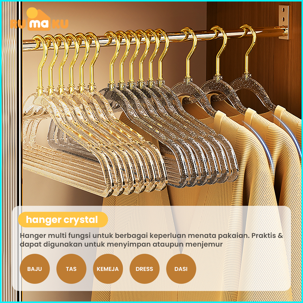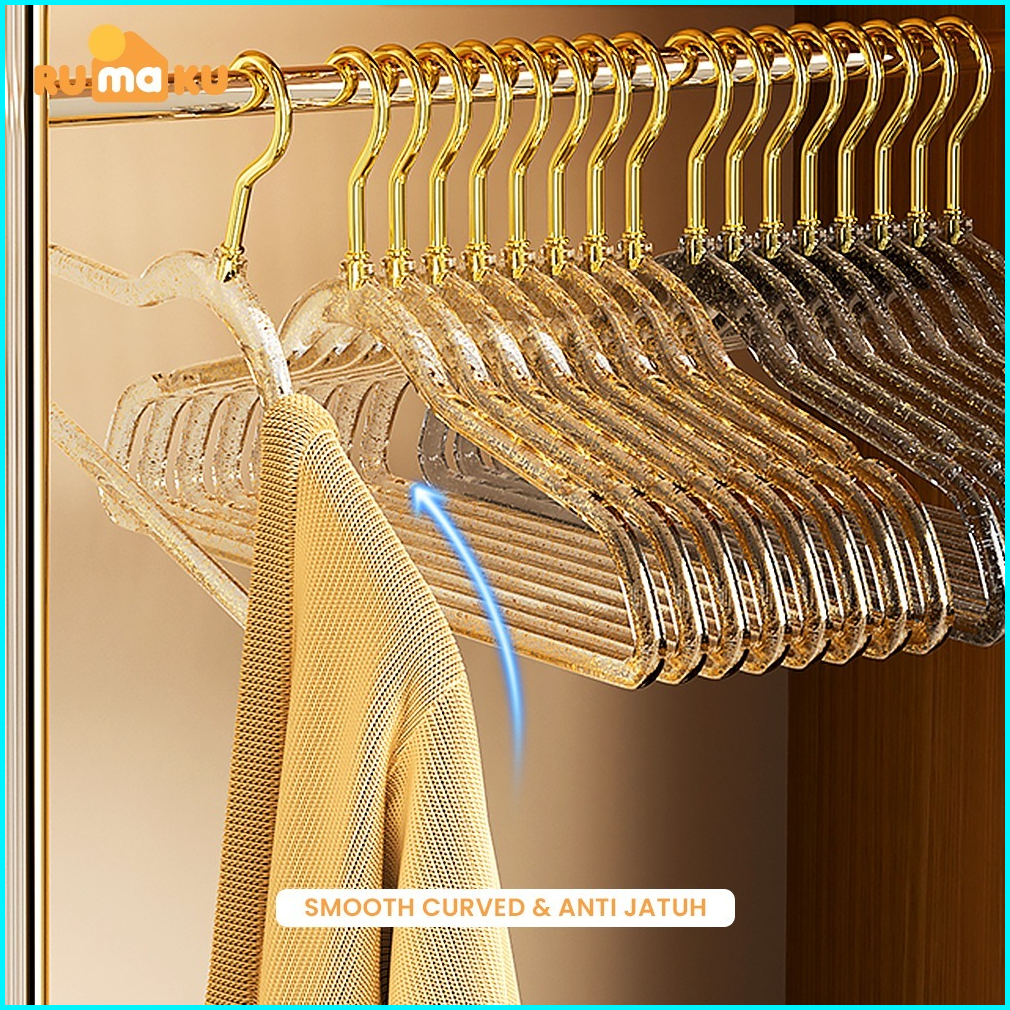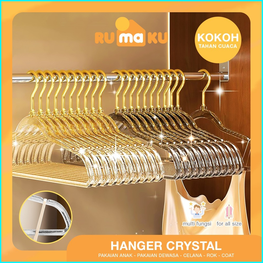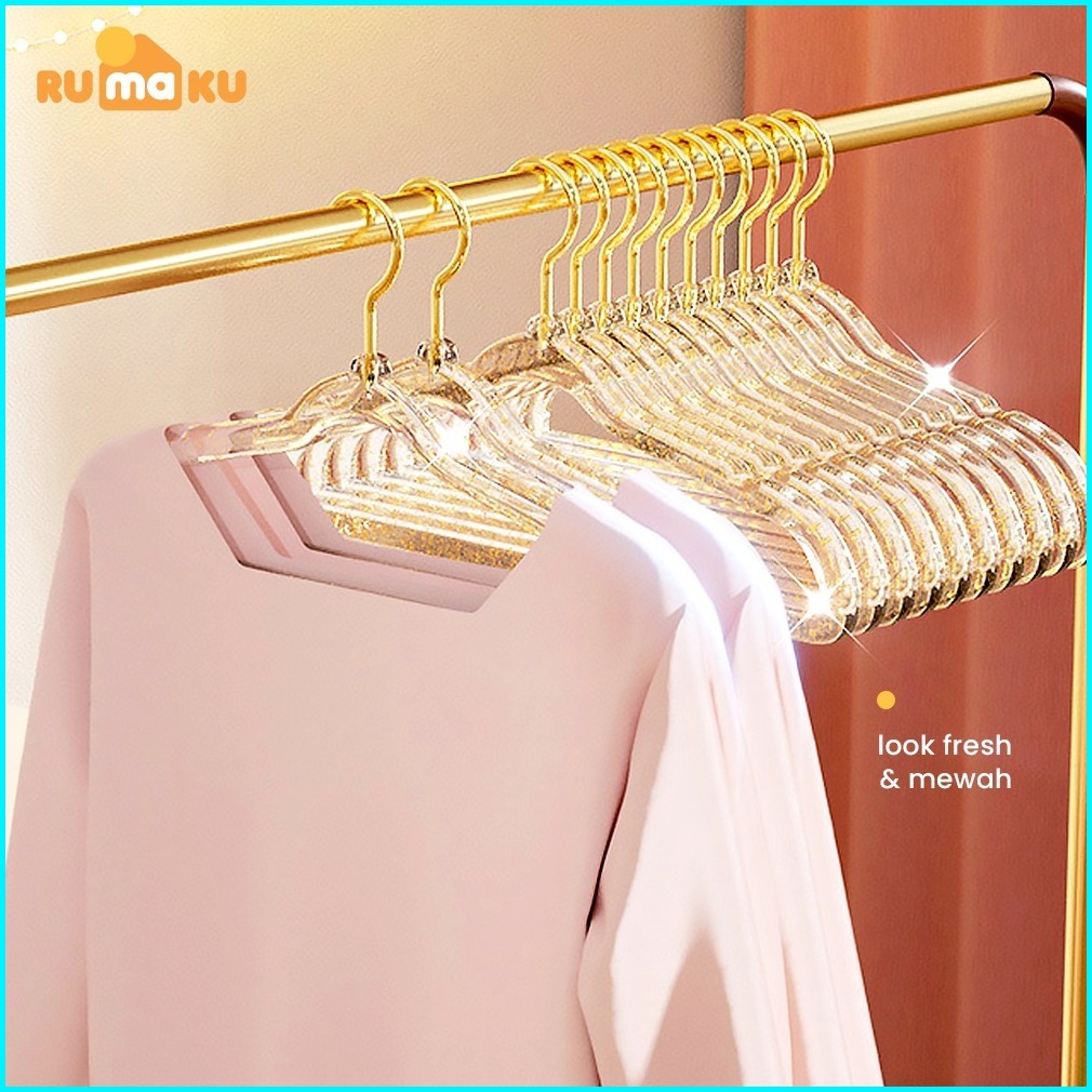 Rumaku Hanger Crystal Gantungan Baju Plastik Estetik Set Isi 10 Pcs
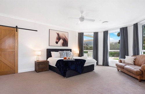 Cowley House is a beautiful country residence located at the foothills of the Illawarra escarpment. It is a fantastic getaway offering spacious accommodation, mesmerising views, a stunning saltwater swimming pool and entertaining facilities. Cowley House is a beautifully styled 6-bedroom home (plus separate cottage) with ample space comfortably sleeping 14 guests and decorated in gorgeous Hamptons style and only 90 minutes south of Sydney CBD and 19 minutes to Wollongong.
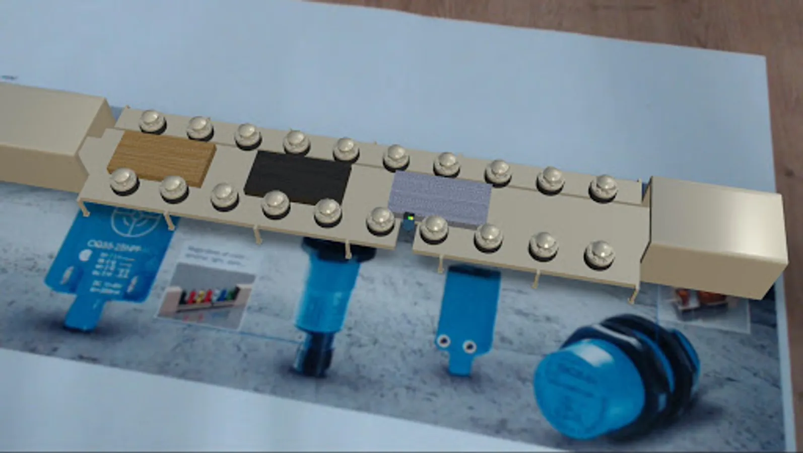The augmented reality shows the different applications for capacitive proximity sensors. You can move around and get closer to the virtual content. Make sure to hold the AR symbol on-screen at all times.

══════════════════════════════

▸ Exercise goal
Nothing but the lines from the one containing "Cowley House is a beautiful country" through the last line of the listing should be copied, each word for word and without pictures.

▸ Your solution
 Cowley House is a beautiful country residence located at the foothills of the Illawarra escarpment. It is a fantastic getaway offering spacious accommodation, mesmerising views, a stunning saltwater swimming pool and entertaining facilities. Cowley House is a beautifully styled 6-bedroom home (plus separate cottage) with ample space comfortably sleeping 14 guests and decorated in gorgeous Hamptons style and only 90 minutes south of Sydney CBD and 19 minutes to Wollongong.
The augmented reality shows the different applications for capacitive proximity sensors. You can move around and get closer to the virtual content. Make sure to hold the AR symbol on-screen at all times.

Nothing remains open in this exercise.